*** Data provided Section Begins ***
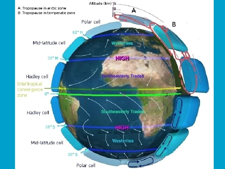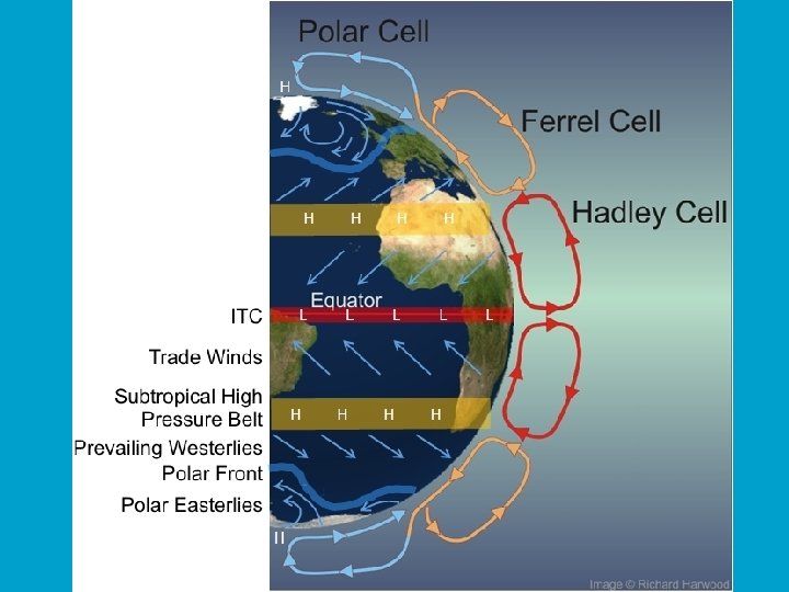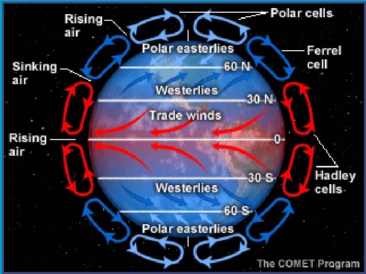 On a piece of paper • Draw a sphere • Draw lines for the equator, 30° N and S, 60 ° N and S • Discuss with the person next to you how to draw the 6 major bands of prevailing winds Hints: Remember that the Coriolis effect deflects to the right in the Northern hemisphere To draw the bands between 0 -30 °, remember that there is a LOW Pressure zone at the equator (due to Hadley cell) To draw the bands between 30 °-60 °, remember there is a high pressure zone at 30 °.
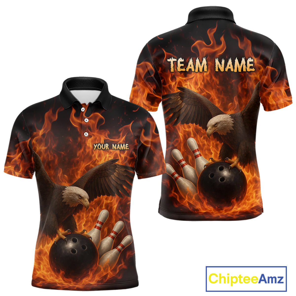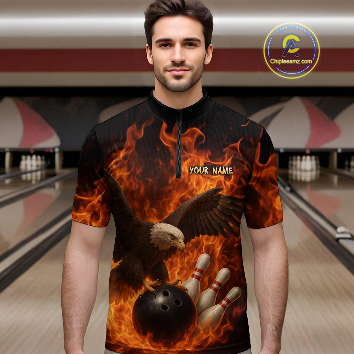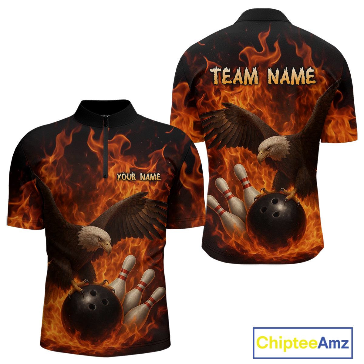 Flame Eagle Bowling Polo, Quarter Zip Shirts For Men Custom Eagle Bowling Team Jerseys NQS9972
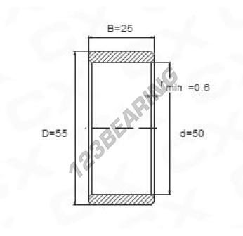 De Binnenring bekend als IR50X55X25 Algemeen meet 50 mm in binnendiameter, 55 mm in buitendiameter en 25 mm lengte. Het is gemaakt in .
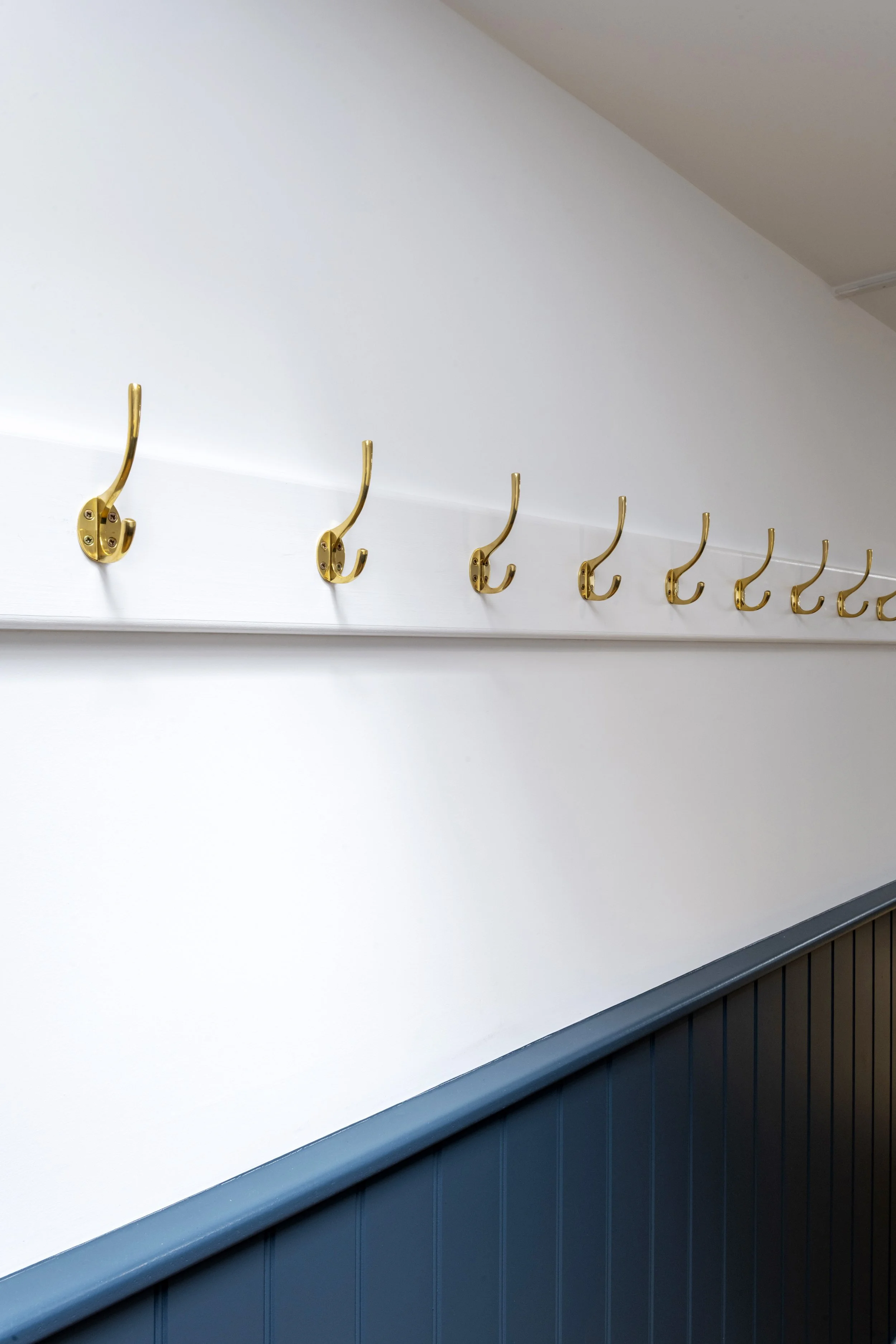 We handmade all the shelves and made the brackets to match the shape of the shelving in the bar and restaurant area. We also used the same style of brackets on the benches. The cornice was fitted to give a handmade, bespoke finish.
*** Data provided Section Ends ***
### Exercise aim
Output the listing above exactly, excluding all pictures.

### Reply to the task
 On a piece of paper • Draw a sphere • Draw lines for the equator, 30° N and S, 60 ° N and S • Discuss with the person next to you how to draw the 6 major bands of prevailing winds Hints: Remember that the Coriolis effect deflects to the right in the Northern hemisphere To draw the bands between 0 -30 °, remember that there is a LOW Pressure zone at the equator (due to Hadley cell) To draw the bands between 30 °-60 °, remember there is a high pressure zone at 30 °.
 Flame Eagle Bowling Polo, Quarter Zip Shirts For Men Custom Eagle Bowling Team Jerseys NQS9972
 De Binnenring bekend als IR50X55X25 Algemeen meet 50 mm in binnendiameter, 55 mm in buitendiameter en 25 mm lengte. Het is gemaakt in .
 We handmade all the shelves and made the brackets to match the shape of the shelving in the bar and restaurant area. We also used the same style of brackets on the benches. The cornice was fitted to give a handmade, bespoke finish.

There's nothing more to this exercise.